## COLLECTED DATA
********************
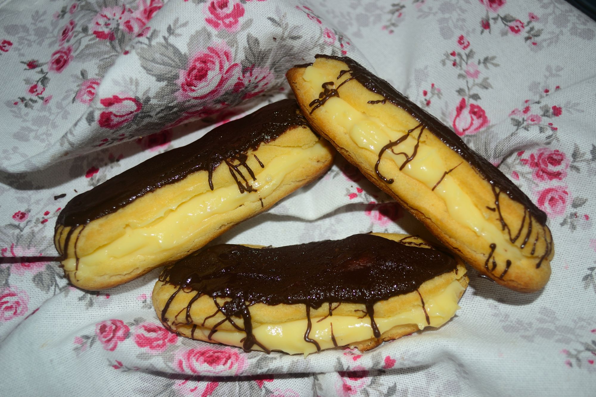 Consisten en una masa dulce cocinada y horneada ("pâte à choux", la misma de los profiteroles) rellena de crema pastelera y cubierta de glaseado. Para darles un toque más ligero, les he puesto una crema de vainilla, en lugar de una crema pastelera al uso, que creo que resultaría más pesada. Esta crema, sumada a la masa, también bastante ligera, blandita y esponjosa, hace unos dulces muy agradables de comer, al contrario de lo que la foto pueda insinuar. Me encanta el toque salado de la masa en combinación con el dulzor de la crema. Es un bocado muy bueno y me trae muy buenos recuerdos.
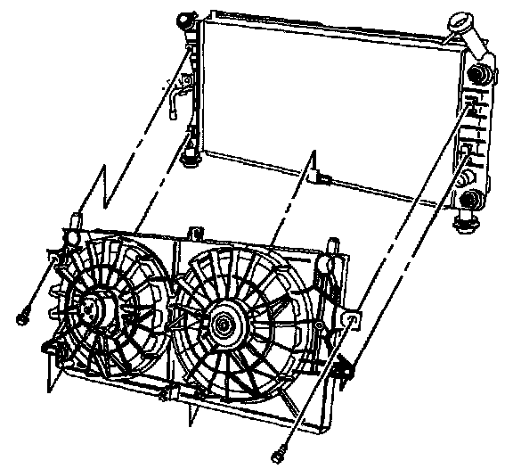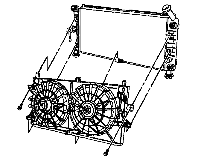 Important: Ensure the lower edge of the fan shroud engages the clip at the bottom of the radiator.
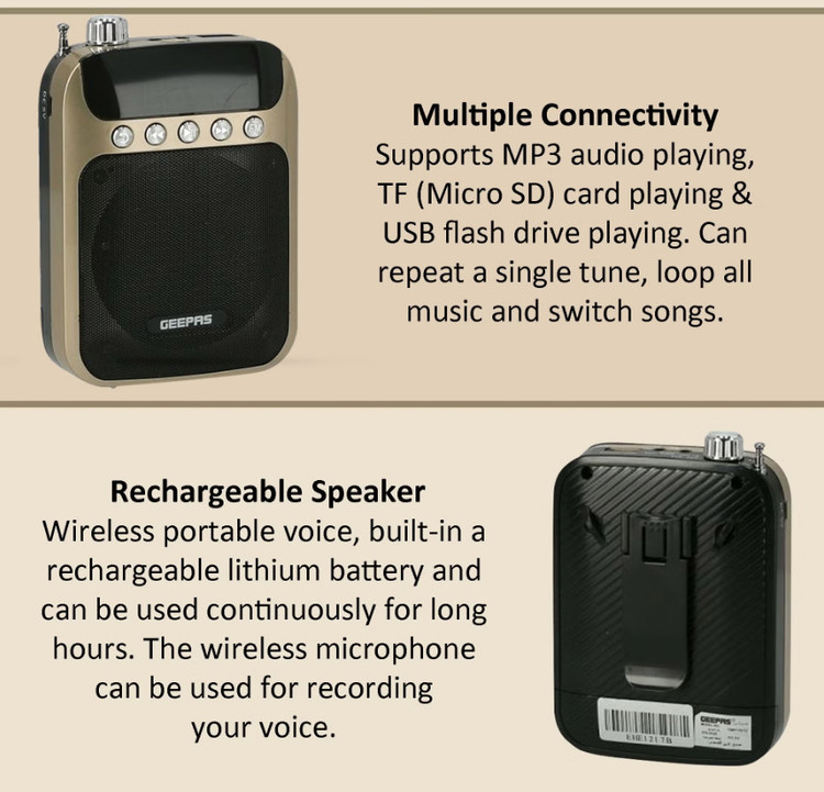 این بلندگوی قابل شارژ جیپاس دارای یک تقویت کننده صدای UHF است که با خروجی شام 5 وات، صدای خوبی ارائه میدهد و صدایی واضح، طبیعی و شفاف تولید میکند که صدای اتاق را پر میکند.
********************
## TASK BRIEF
For each line above, output its wording exactly and leave out any picture.

## FINISHED EXERCISE
 Consisten en una masa dulce cocinada y horneada ("pâte à choux", la misma de los profiteroles) rellena de crema pastelera y cubierta de glaseado. Para darles un toque más ligero, les he puesto una crema de vainilla, en lugar de una crema pastelera al uso, que creo que resultaría más pesada. Esta crema, sumada a la masa, también bastante ligera, blandita y esponjosa, hace unos dulces muy agradables de comer, al contrario de lo que la foto pueda insinuar. Me encanta el toque salado de la masa en combinación con el dulzor de la crema. Es un bocado muy bueno y me trae muy buenos recuerdos.
 Important: Ensure the lower edge of the fan shroud engages the clip at the bottom of the radiator.
 این بلندگوی قابل شارژ جیپاس دارای یک تقویت کننده صدای UHF است که با خروجی شام 5 وات، صدای خوبی ارائه میدهد و صدایی واضح، طبیعی و شفاف تولید میکند که صدای اتاق را پر میکند.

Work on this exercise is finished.